Plates containing the removed aliquots are placed in −20° C. freezer for 15 minutes to cool. After cooling, 100 μL of deionized water is added to all wells in the plate. Plates are then spun in the centrifuge for 10 minutes at 3000 rpm. A portion of the supernatant (100 μL) is then removed, placed in a new plate and analyzed using Mass Spectrometry.

EXAMPLES Example 1 5-(Methoxy-d3-methyl-d2)-1-phenylpyridin-2(1H)-one (103)

Compound 103 was prepared according to Scheme 6 below.
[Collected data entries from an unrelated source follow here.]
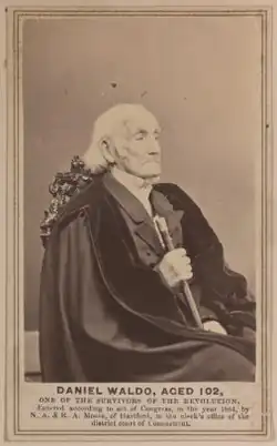 Daniel Waldo (September 10, 1762 โ July 30, 1864)[1] was an American clergyman, born in Windham, Connecticut. He served in the American Revolutionary War and later became a missionary and clergyman. In 1856 at age 94, Waldo was named Chaplain of the United States House of Representatives. His ancestor Deacon Cornelius Waldo arrived in the American colonies from Ipswich, England around 1654.[2]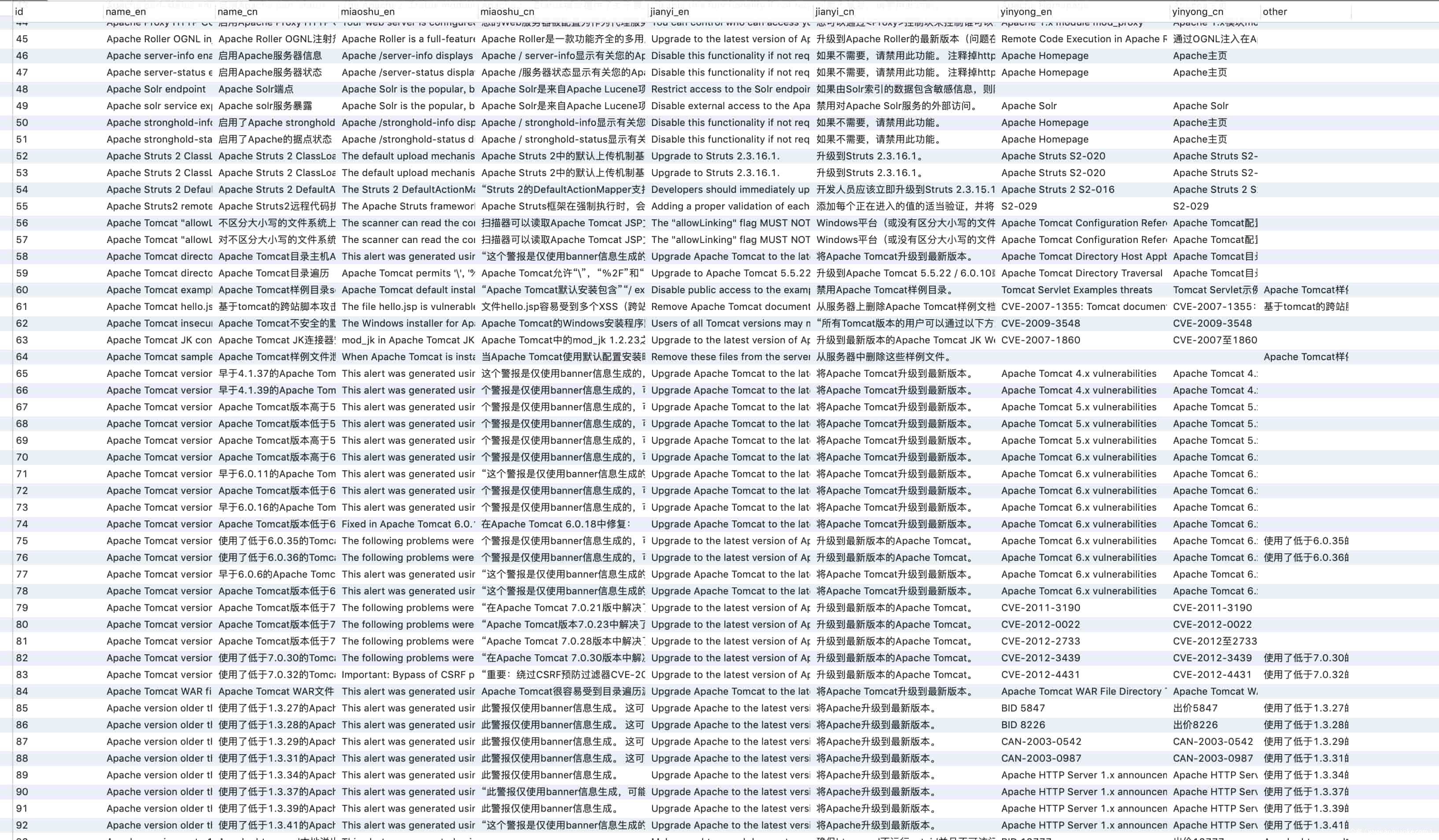 汉化后的数据库可从这个项目中获取,https://github.com/TideSec/WDScanner,在数据库文件的vul_cn表中。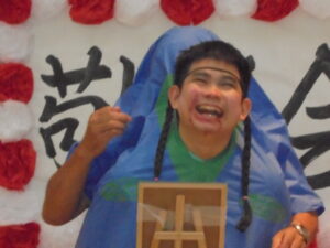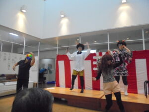 15日の職員余興では「長生き音頭」を職員が歌い上げ、ご利用者様も自然と手拍子をしながら楽しまれていました。続いての二人羽織では、男性職員が体を張って化粧をされる姿やシュークリームを食べる場面では大笑い。最後に仮装した職員が「電線音頭」を披露し、会場はさらに盛り上がりました。

Details of the synthesis are set forth below.

Step 1. Methyl 6-oxo-1-phenyl-1,6-dihydropyridine-3-carboxylate (12a)

To a round-bottom flask was added methyl 2-oxo-2H-pyran-5-carboxylate 11 (1.54 g, 10.0 mmol), pyridine (30 mL), and aniline (1.82 mL, 20.0 mmol). The resulting mixture was heated at reflux for 6 hours (h). Upon cooling to room temperature (rt), the reaction was diluted with EtOAc and washed with 1N HCl (3 times), saturated aqueous NaHCO3 (1 time), dried (Na2SO4), filtered, and concentrated in vacuo. Purification via column chromatography on an ISCO instrument (0% to 40% EtOAc in hexane) provided 917 mg of the title compound 12a. NMR (CDCl3): δ 8.24 (m, 1H), 7.92 (ddd, J=0.6, 2.6, 9.6, 1H), 7.56-7.44 (m, 3H), 7.40-7.36 (m, 2H), 6.64 (d, J=9.6, 1H), 3.86 (s, 3H). MS (M+H): 230.1.

Step 2. 6-Oxo-1-phenyl-1,6-dihydropyridine-3-deuterocarboxylic acid (22)
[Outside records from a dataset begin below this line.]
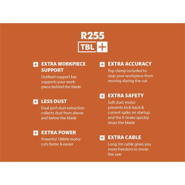 This R255TBL Table Saw is more portable. Mounted within a light, roll-cage chassis, with integral carry handles. It’s an easy one man carry without the wheeled stand, and superbly mobile on its large all-terrain wheels when you buy the matching stand, it easily passes straight through a standard width internal door (32in) making it the perfect jobsite saw.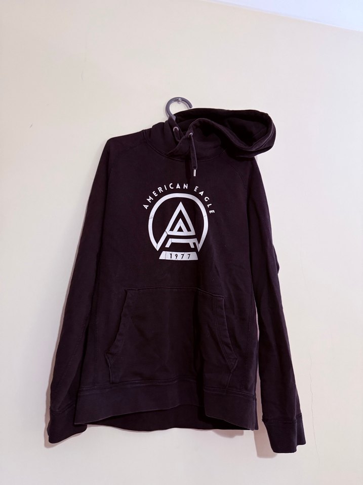 baskılı tasarımı ve yumuşak, sıcak kumaşı ile rahat bir görünüme sahiptir. Uzun kollu ve normal boydadır, günlük sokak stiline uygundur. Logo baskısında sanırım kurutmadan kaynaklı çatlaklar var. Kol bölgedede çok ufak bir leke var. New York American Eagle mağazasından alınmıştır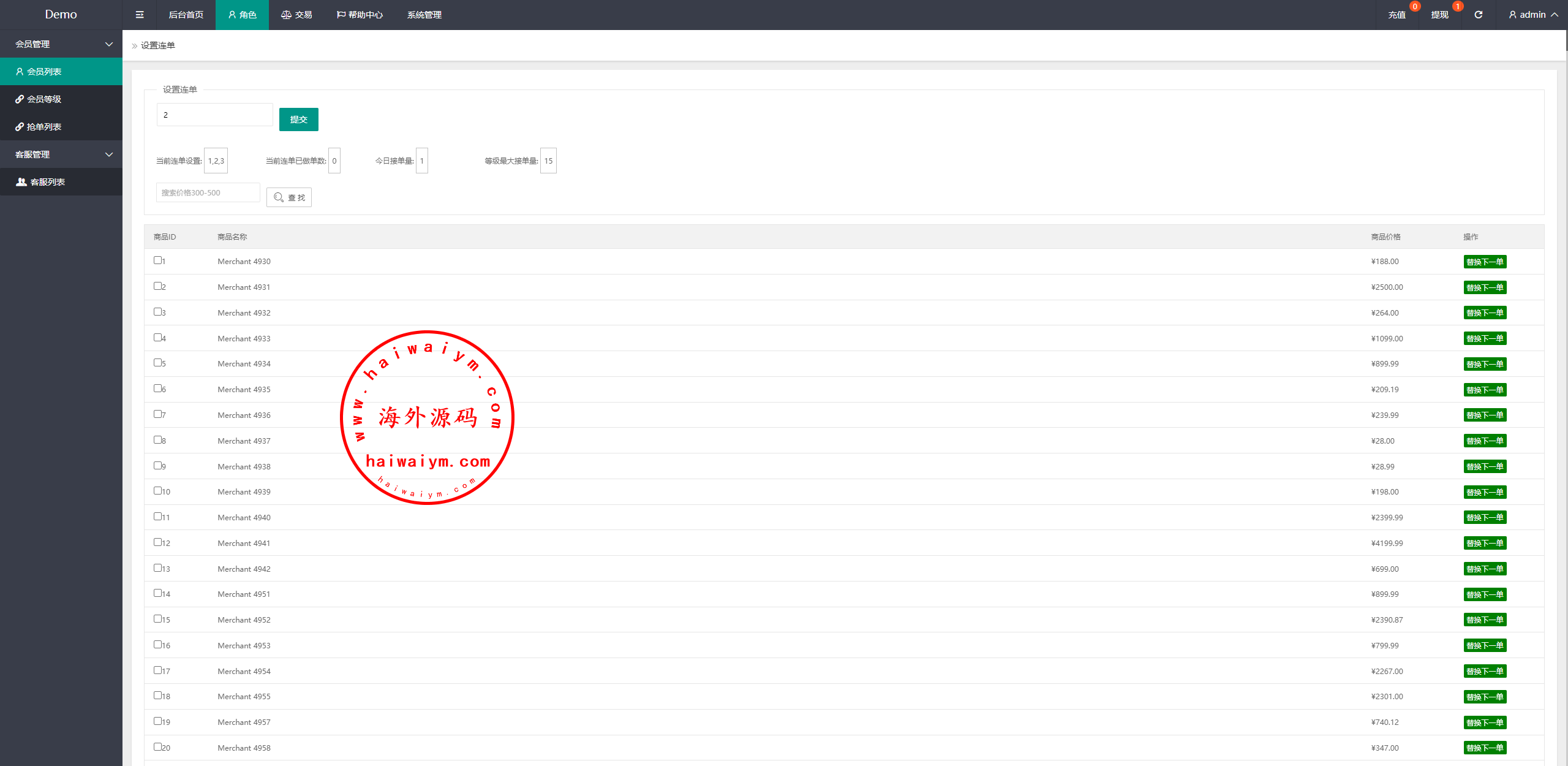 韩国抢单刷单系统/多语言刷单商城/打针/信用分/代理后台

A round-bottom flask was charged with methyl 6-oxo-1-phenyl-1,6-dihydropyridine-3-carboxylate 12a (2.26 g, 9.87 mmol), THF (58.5 mL) and MeOH (14.6 mL). The resulting slurry was cooled to 0° C. A solution of LiOH (700 mg, 29.2 mmol) in water (29.2 mL) was added dropwise via cannula. After stirring for 5 minutes the ice bath was removed. The mixture was stirred at rt for 45 minutes and then at 35° C. for 30 minutes. After cooling to rt, the mixture was acidified to pH 1 with 1N HCl and extracted with EtOAc (3 times). The combined organic layers were washed with brine, dried (Na2SO4), filtered, and concentrated in vacuo to afford 1.95 g of a brown solid which was used without further purification.

A round-bottom flask was charged with 1.30 g of the brown solid, THF (35.8 mL) and MeOD (8.94 mL). A solution of NaOD (99.5 atom % D, 1.86 mL, 40 wt. % in D2O) was added. After stirring at rt for 1.5 h, the mixture was cooled to 0° C., acidified to pH 1 with DCl (35 wt. % in D2O), and extracted with EtOAc (3 times). The combined organic layers were dried (Na2SO4), filtered and concentrated in vacuo to afford 1.31 g (100%) of the title compound 22 as a brown solid. 1H NMR (DMSO-d6): δ 8.22 (d, J=2.4, 1H), 7.91 (dd, J=2.7, 9.1, 1H), 7.62-7.48 (m, 5H), 6.58 (d, J=9.44, 1H). MS (M+H): 216.1.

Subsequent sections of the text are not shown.